- Provided material
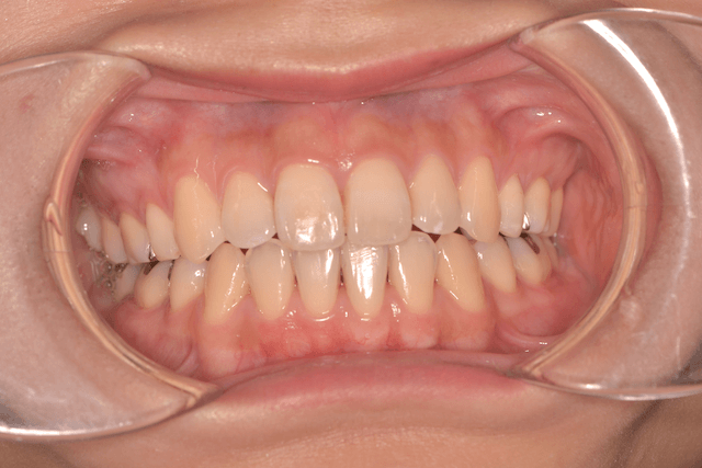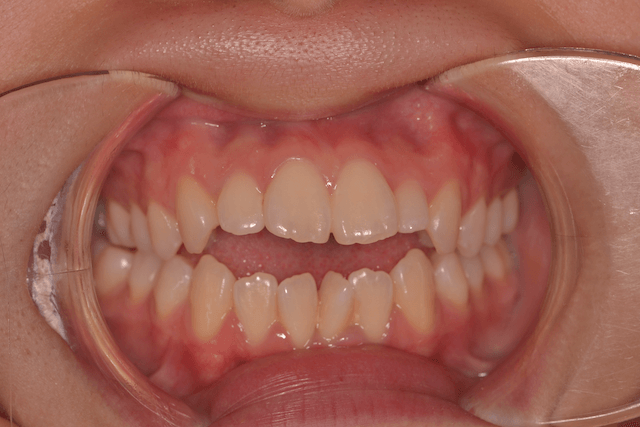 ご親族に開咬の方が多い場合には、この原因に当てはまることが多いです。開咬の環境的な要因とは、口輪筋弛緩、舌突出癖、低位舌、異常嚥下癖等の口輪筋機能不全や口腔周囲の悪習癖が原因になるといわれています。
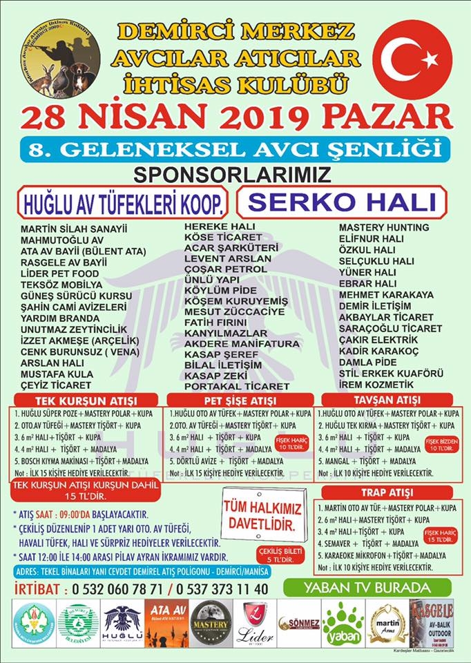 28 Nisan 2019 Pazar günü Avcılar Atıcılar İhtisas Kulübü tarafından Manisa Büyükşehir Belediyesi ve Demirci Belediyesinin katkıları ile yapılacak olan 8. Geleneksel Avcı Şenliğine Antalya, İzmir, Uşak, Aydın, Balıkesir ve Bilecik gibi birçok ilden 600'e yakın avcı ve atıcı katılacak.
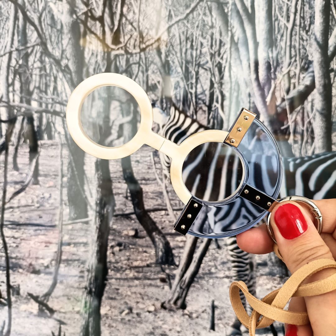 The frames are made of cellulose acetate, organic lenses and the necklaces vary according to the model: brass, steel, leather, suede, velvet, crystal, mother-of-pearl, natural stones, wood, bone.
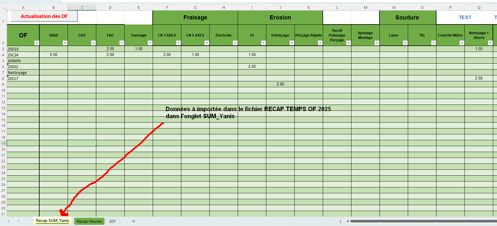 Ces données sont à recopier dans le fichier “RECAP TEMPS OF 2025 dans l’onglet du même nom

- Work item
From the line that holds "The frames are" down to the last line of the material above, every line is to be copied exactly, both ends included; pictures are to be omitted.

- Worked solution
 The frames are made of cellulose acetate, organic lenses and the necklaces vary according to the model: brass, steel, leather, suede, velvet, crystal, mother-of-pearl, natural stones, wood, bone.
 Ces données sont à recopier dans le fichier “RECAP TEMPS OF 2025 dans l’onglet du même nom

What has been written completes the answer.